Henry had a story, and thanks to Jen, he was comfortable enough to tell it.

Things had gone well at the VA, and for the first time in weeks, Henry felt that his luck might be changing for the better. The first check had been issued to him for the back pay and the Wounded Warrior benefits he was supposed to have received after his injury in Afghanistan. A stupid clerical mistake had denied him his due for more than a year. But things were looking up. He’d been able to get a shower at the shelter and had gone to a good laundromat by the hospital to wash his clothes. The VA had also confirmed his spot on the waiting list for transitional housing.
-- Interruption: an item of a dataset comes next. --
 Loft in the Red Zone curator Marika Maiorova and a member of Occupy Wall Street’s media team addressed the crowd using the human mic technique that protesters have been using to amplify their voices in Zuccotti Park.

In group, everyone had congratulated him and smacked his shoulders. Good news went a long way these days. He might even be out of the van by the end of the month.
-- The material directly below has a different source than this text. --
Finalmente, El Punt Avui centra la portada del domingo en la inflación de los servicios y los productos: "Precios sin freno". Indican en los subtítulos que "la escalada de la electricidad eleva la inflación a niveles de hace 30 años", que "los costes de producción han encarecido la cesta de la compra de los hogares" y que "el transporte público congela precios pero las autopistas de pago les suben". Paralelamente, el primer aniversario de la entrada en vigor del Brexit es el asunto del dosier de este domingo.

After he’d finished cleaning everything he owned—he even washed the van at the coin-operated car wash on Broadway—he put almost all of the rest of the money in his Wells Fargo account. He had more than enough to cover the deposit at Century Villages. He thought again about the sixty extra dollars he’d kept out of the check for a new phone. Before he came home from active duty, he’d never been much of a second-guesser. He followed his instincts when that seemed appropriate, made a plan when necessary, but either way, once he committed he was all in.

Not anymore, though. Now every decision, even the smallest, was an ordeal. Especially every purchase. But he reassured himself. He’d even run the idea past Dr. Winston, the VA psychiatrist, who’d reassured him.